# Heat Cord/Tile Set Up Questions



## miki_k8 (Jan 27, 2018)

Hi, I'm looking to use the heat cord system of heating a melamine enclosure for a spotted python as I've heard and read many things about t. In regards to the heat cord set up, I've seen images of it being used for click clacs, but heard only talk of people using it for enclosures for adult snakes. In a melamine enclosure, would the heat cord be inside the enclosure (i.e. if sandwiched or covered by a tile) or underneath the enclosure? 

Thanks!!


----------



## Pauls_Pythons (Jan 27, 2018)

Sandwiched between 2 tiles is one option. Another would be to have grooves routed into the floor so the cable sits inside the groove. Then cover that with a tile or similar. Same sort of thing as many people do in hatchie racks.

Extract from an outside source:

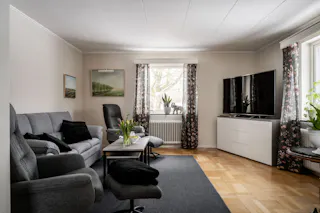 Luftigt vardagsrum med parkettgolv och vita väggar. Ljusinsläpp från tre fönster ger en härlig rymd. Här finns gott om plats för en stor soffgrupp och direkt utgång till en altan i soligt sydostläge, med en trevlig utsikt över trädgård och ängsmark.

Underneath a melamine enclosure probably wouldn't generate much heat and would work to hard.


----------



## baker (Jan 27, 2018)

As you and Paul have mentioned one method people use is to sandwich it between two tiles. I utilise the second method though that Paul mentioned with groves routed into the floor and the cable placed in the groove with a tile on top to heat all of my adult snakes. It works extremely well and is easy to use. 

Cheers, Cameron


----------



## Flaviemys purvisi (Jan 28, 2018)

I like the routed grooves in the floor idea with the tile over the top, would be way neater and aesthetically pleasing but for now whilst my snakes are still smallish and in temporary enclosures I use the heat cord sandwiched between 2 tiles method. It allows me to freely move it wherever/whenever when cleaning or rearranging etc.


----------



## bluedragon (Feb 3, 2018)

i need to get some heat cords ive got heaps of tiles were is the cheapest place to get them and how much are they


----------



## Flaviemys purvisi (Feb 3, 2018)

Probably not the cheapest but Petbarn usually always has a few on the shelf.


----------



## Bluetongue1 (Feb 3, 2018)

Wood is a poor conductor of heat. So attempting to use heat cord to outside a melamine enclosure is ineffective and wasteful. The neat cord needs to be inside the enclosure.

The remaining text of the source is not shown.